In a phase II study of first line concomitant capecitabine and oxaliplatin therapy of advanced colorectal cancer in 96 patients response rates were 60% versus 53% in patients less than 60 years of age versus elderly (P = 0.51) [9]. In pooled efficacy data from two phase III studies response rates according to age from 5-FU Mayo-regimen treatment were 19% versus 15%, and for capecitabine treatment were 25% versus 26% for patients aged less than and at least 60 years, respectively [11]. Interestingly a multivariate Cox regression analysis found, that among other risk factors lower age was associated with increased probability of shorter time to progression from capecitabine therapy (P = 0.0001, HR 0.99). An observation that applied to both 5-FU and capecitabine (P = 0.013, HR 0.99) [11].

In a phase II trial including 140 patients with randomisation to two regimens of irinotecan combined with capecitabine as first line treatment of metastatic colorectal carcinoma found significantly higher (P = 0.02) response rate of 53% as compared to 31% in patients less than age 65 years and older, respectively [13]. However, that did not lead to any advantage in terms of time to progression (HR 1.00; 0.97–1.03) [13]. In contrast, a phase II study including 69 patients of median age 61 years receiving first or second line concomitant capecitabine and oxaliplatin therapy for advanced colorectal cancer found no significant impact of age on tumour response rates (P > 0.05) [10]. In summary, available data on clinical outcome of palliative chemotherapy to advanced colorectal cancer found no interaction between efficacy and age. However, data are scanty and are not specified for patients more than 70 years of age.

With regard to data on adverse events according to age, only one study assessed capecitabine toxicity at the age above 75 years [12]. Pooled toxicity data from two multicentre phase III studies [12] showed that there was an increased incidence of grade 3 or 4 overall adverse events, diarrhoea, stomatitis and hand-foot syndrome from age 65 years on, that were particularly high in patients aged 80 years or older. However, this was explained by age-related impairment of renal function, as a multivariate Cox regression analysis adjusting for creatinine clearance showed that age per se did not have an additional statistically significant independent impact on the toxicity profile of capecitabine (P = 0.72).

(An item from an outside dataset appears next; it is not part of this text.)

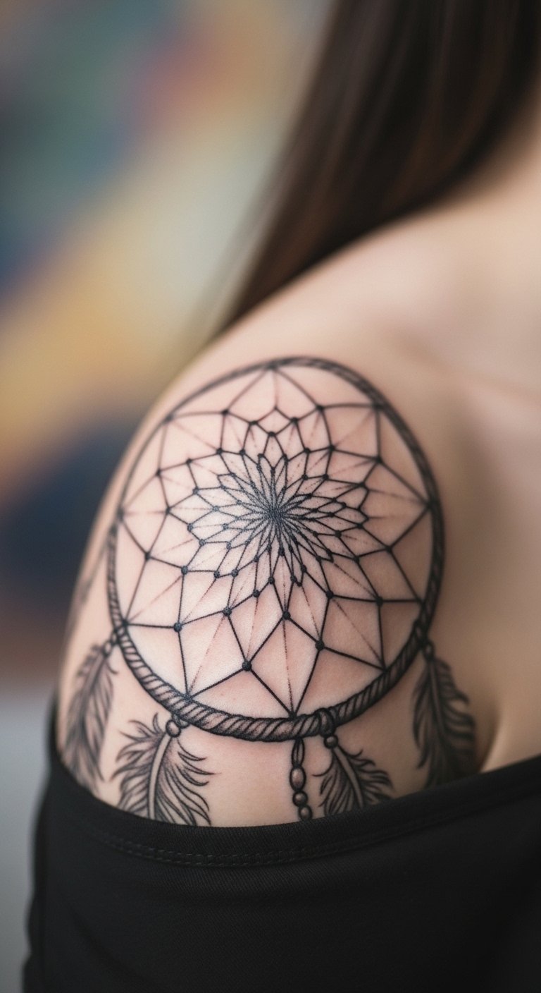 A dreamcatcher web pattern catches your dreams. Webs that protect. Go for a shoulder design. Sketch webs simply. Look for dream deals. Choose detailed lines. Use web templates. Match with boho clothes. Add a feather touch. The process is dreamy. This tattoo patterns your nights. Visualize with apps. Catch affordably.

Concomitant capecitabine and oxaliplatin as first line therapy of advanced colorectal cancer in 96 patients produced overall similar incidence of grade 3 or 4 treatment related adverse events of 64% and 59% in patients younger than 65 years and elderly, respectively [9]. Likewise for organ specific adverse events of grade 3 or 4 there were no significant differences, including peripheral sensory neuropathy (15 versus 18%), diarrhoea (14 versus 18%), nausea or vomiting (12 versus 14%), neutropenia (6 versus 5%), and hand foot syndrome (6 versus 0%). Besides, profile of required dose reduction was unrelated to age [9].

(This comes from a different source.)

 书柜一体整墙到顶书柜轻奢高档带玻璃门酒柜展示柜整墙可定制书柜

In a trial on two regimens of first line combined irinotecan and capecitabine treatment in metastatic colorectal carcinoma frequency of grade 3–4 diarrhoea was 37% versus 27%, and leucopenia was 10% versus 5% in patients aged ≥ 65 years as compared to all patients, respectively [13]. Pooled data from a phase II and part of a phase III study on first line capecitabine treatment of metastatic colorectal cancer found no significant (P > 0.05) relationship between the incidence of hand-foot syndrome and age [14].

In the present study similar chemotherapy, tolerability of and outcome was found for patients < 70 and ≥ 70 years, in terms of dose and number of courses received (Table II), the toxicity encountered (Table IV), and ensuing response rates (Table II), progression free intervals and survival times (Figures 1 and 2), respectively.

However this apparent uniformity covered up substantial differences among the elderly ≥ 70 years. In the study sample of intermediary age of 70–74 years higher alkaline phosphatase (Table I) and slightly worse performance status (Table III) at baseline suggested these patients suffered higher tumour burden. As the therapy induced toxicity was similar between age groups (Table IV) lower response rate (Table II) may have contributed to worsening of performance status (Table III), and led to curtailment of chemotherapy, and shorter progression free interval and survival in that age group. On the contrary, in the sample ≥ 75 years the significantly higher response rate from capecitabine (Table II) may have maintained better performance status during longer progression free interval, which in turn translated into longer survival (Figures 3 and 4).

Due to dysphagia and constipation greater loss of weight may precede diagnosis for colorectal cancer. Loss of weight may aggravate from major surgery as well. Accordingly, most patients in this study regained weight during palliative chemotherapy. Even in the elderly ≥ 75 years chemotherapy was no hindrance to significant weight gain. This may be a parameter for evaluation of tolerability of chemotherapy, however in general it is not well documented for.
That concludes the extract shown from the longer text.